We expect the specialty coffee industry to continue to grow. We believe that this growth will be fueled by continued consumer interest in high quality coffee and related products. We believe that by offering high-quality products to consumers throughout the country, we will attract the same loyal customer base that we have attracted in California.
We believe growth opportunities exist in all of our distribution channels. We believe that our specialty sales can expand to geographies where we do not have a retail presence. Our first priority has been to develop primarily in the western U.S. markets where we already have a presence and have higher customer awareness. We expect to continue to open new retail stores in strategic west coast locations that meet our demographic profile and partner with distributors and companies who share our passion for quality and freshness and are willing and able to execute accordingly in the foodservice and office environment.

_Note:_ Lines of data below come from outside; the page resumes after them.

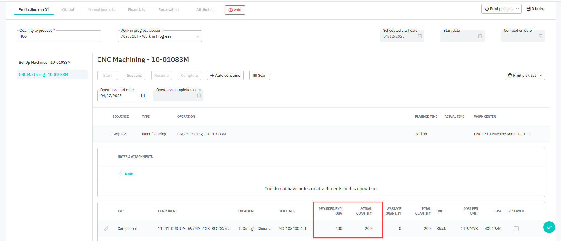 Ideally, a setting should be added: when production begins with the actual quantity less than the required quantity, the system should notify the user that the material quantity is too low and require the user to confirm again before production can continue.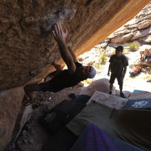 Blue Lizard Climbing and Yoga Hueco Tanks guiding on March 10, 2023, with Fabian, Michael, and Richard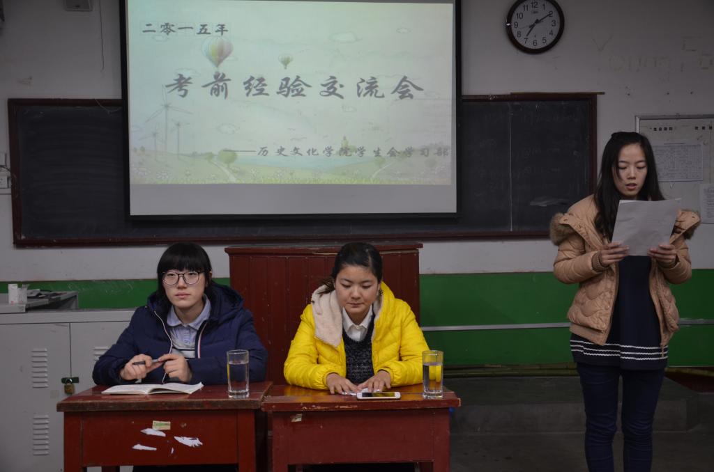 12月22日晚,由正妹av 学生会主办的考前经验交流会在2015级各班教室举行。 本次考前交流会共分为“经验传授”和“解疑答惑”两个环节。来自2014级的优秀学生代表分别从考前心态的调整、备考方法等方面,结合自身的经历给予了详细地讲解,同时针对如何准备公选课和专业课两个方面的考试进行了详细的经验介绍。在随后的“解疑答惑”环节中,针对2015级同学就复习方法、备考准备工作、考试答题技巧等方面提出的问题,2014级的学生代表也给予了详细耐心地解答。

In grocery, we expect to continue to expand into new markets although the full extent of our penetration will depend upon the development of specialty coffee as a category in many markets. In addition to the Peet’s brand, we recently entered into a licensing agreement with privately held Godiva® Chocolatier, Inc. to sell and distribute a premium line of Godiva brand coffees in the grocery channel. We expect to begin to sell Godiva coffee in the fourth quarter of 2009.
Coffee commodity costs began to decline in July 2008 after over four years of increases above the prior three to four year range. We expect the commodity market to continue to be volatile as worldwide demand, the strength of the dollar, and weather will continue to cause uncertainty in the market.
Our net revenues depend significantly on consumer confidence and spending, which have recently deteriorated due to the recession and may remain depressed for the foreseeable future. The current recession or a worsening of the United States and global economy could materially adversely affect our business as our revenues depend significantly on consumer confidence and spending. We believe that the current recession negatively impacted our rate of growth in 2008 and the first half of 2009. Despite the recession, we have been able to grow our revenues by opening new retail stores, adding new foodservice accounts, and growing our business in our current grocery customer base. In addition, despite achieving revenue growth that was less than our plan, we were able to increase our net earnings per share by 24% and 36% for the thirteen and twenty-six week periods ended June 28, 2009, respectively, over the same periods last year primarily by leveraging our infrastructure investments and diligently managing our costs. We plan to open five new stores for the remainder of 2009, in addition to the four new stores we opened in the first and second quarters.
Results of Operations
The following discussion on results of operations should be read in conjunction with the consolidated financial statements and accompanying notes and the other financial data included elsewhere in this report.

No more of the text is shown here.